Jared would go on to win two silver medals in the 100m and 200m respectively at the Canadian Championships, hosted in Calgary, Alberta. He was named to his third IAAF world championship team, where he competed in the 200m and 4x100m relay.

In the 2012 season, Jared opened his outdoor season in the 200m event with a 20.54 second (March 28 in Arlington, Texas). He followed that performance with a life time best, running 20.30 (0.3) on May 9 in Fortaleza, Brazil.
He captured a bronze medal in the 200m at the Canadian Championships, hosted in Moncton, New Brunswick.
On July 14, Jared ran 10.19 (1.0) at the Ontario Track and Field Championships, in Ottawa, Ontario, his second fastest wind legal 100m performance of his career.

At the 2012 London Olympics, Connaughton again competed in the 200 m and 4 × 100 m relay for Canada. His team crossed the finish line 3rd in the 4 × 100 final, but they lost the bronze medal five minutes later when they were disqualified due to a lane violation committed by Connaughton. In the 200 m semifinal competition, Connaughton placed 11th.

In 2013, Jared progress was hampered by a nagging achilles tendon injury which side-lined him for the early part of the outdoor season. However, he went on to win a silver medal in the 200m at the Canadian Championships in Moncton, New Brunswick. An other injury prevented him from competing at his fourth IAAF World Championships in Moscow, Russia. At the 2013 Francophone Games in Nice, France, Jared would go on to finish fourth in the 100m final and win Gold as member of the 4x100m relay team.

In 2014, injuries hampered his season, where he'd withdraw from the 200m final at the Canadian Championships, which marked the first time in his illustrious career where he'd fail to win a medal at the National Championships (dating back to the 2006 Canadian Championships). He'd go on to compete at his second Commonwealth Games in Glasgow, Scotland where he wouldn't advance past the first round of the 100m.
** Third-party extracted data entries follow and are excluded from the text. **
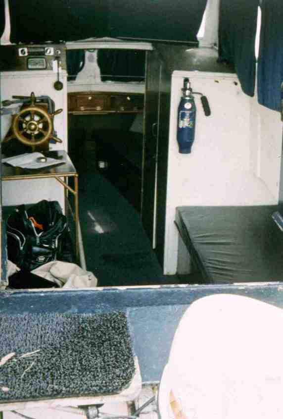 There was one incident that occurred that winter that I would rather forget. The ceiling and interior of “Misty Waters” was covered in expanded polystyrene tiles. Not only were they unsightly but flammable as well. I had decided to cover the interior with a thin brown carpet. The logical way to attach the carpet was to use impact adhesive. It was a long, messy job and took many hours of patiently cutting the individual pieces to fit, then gluing them onto the exposed glass fibre inside the boat.
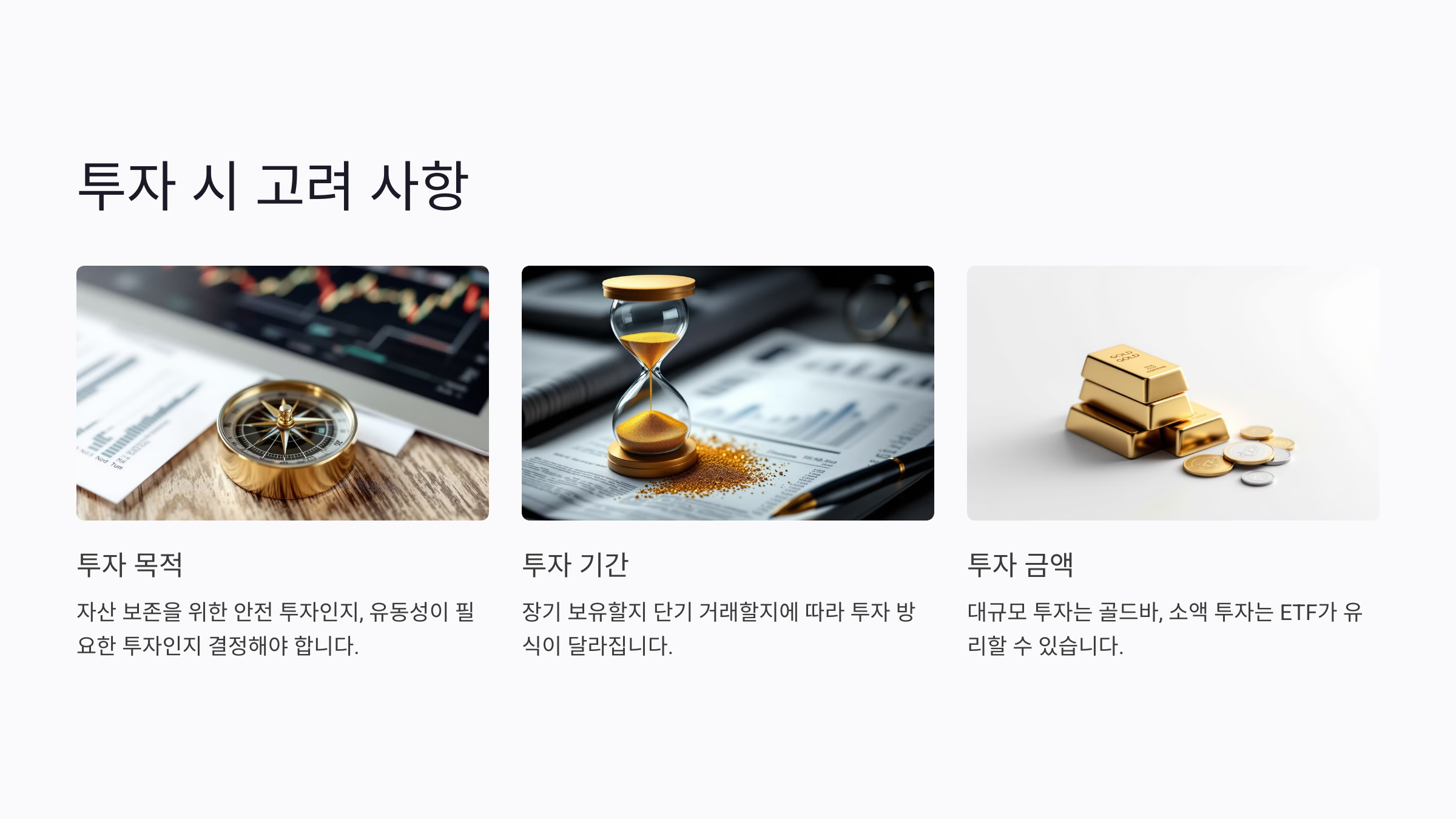 투자 금액도 큰 변수로 작용해요. 소액으로 금에 투자하고 싶다면 금 ETF가 좋은 선택이에요. 하지만 실물 자산을 직접 보유하고 싶은 경우에는 골드바를 선택해야 해요. 두 방법 모두 금값 상승의 이점을 누릴 수 있다는 점에서 공통점을 가지고 있어요.
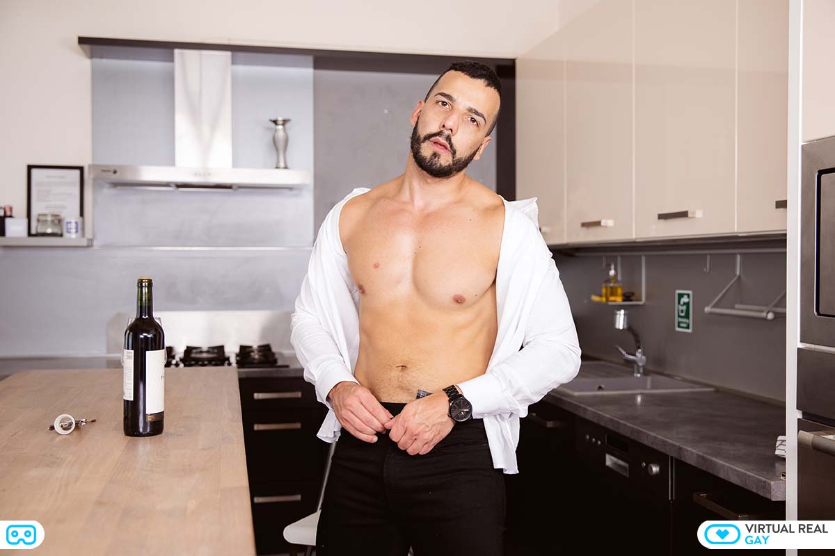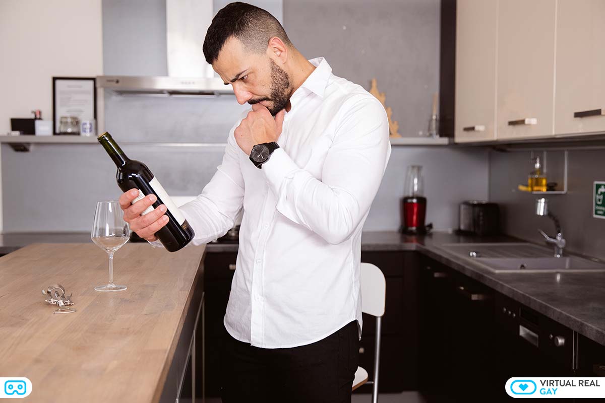 Bearded Latino stud Francisco Ranniero is feeling horny after a long day’s work. With nobody to fuck at home, he decides to take matters into his own hands, in more than one way. He is desperate for the taste of sperm in his mouth, and he’s going to fap his cock like a madman until he ejaculates into the palms of his hand. To relax himself, as well as lower his inhibations for the task at hand, he first pours some wine into a glass, and takes a few sips. Then he slowly takes off his white shirt and black pants, and starts to stroke his already stiffening cock. He gradually increases the rythm of his strokes, building the intensity as starts to become so horny at the thought his sperm is so close to erupting out of his hard cock. Finally, the ejaculation comes, and the creamy jizz explodes into his carefully cupped palm of his hand. He doesn’t want to miss one drop. This horny dude, is going to lick and swallow every last drop of his own semen!

On August 29, 2014, Connaughton officially announced his retirement from the sport. He won a total of 19 medals at a variety of Canadian championships throughout his career including four juvenile (Legion), two junior, two Canada Games and 11 at the senior national championships.

Best times
| Event | Seconds time | Month | Day | Year | Venue |
|---|---|---|---|---|---|
| 55m | 6.23 | January | 15 | 2009 | University of Houston |
| 60m | 6.64 | February | 8 | 2009 | Gent, Belgium |
| 100m | 10.15(+1.8) | May | 3 | 2008 | University of Texas at Arlington |
| 200m | 20.30 (+0.3) | May | 9 | 2012 | Fortaleza, Brazil |
| 4 × 100 m Relay | 38.05 | August | 10 | 2012 | London, England - Olympics |

=== Post-retirement ===
Connaughton now is an athletics coach at Fort Worth Country Day School, coaching cross country and track and field. Through his work there, he has led the boys track and field team to their first SPC (Southwest Preparatory Conference) Championship Team titles in over 40 years. The first title was earned in 2023 and again in 2025. The girls team won back-to-back conference titles in 2023 & 2024.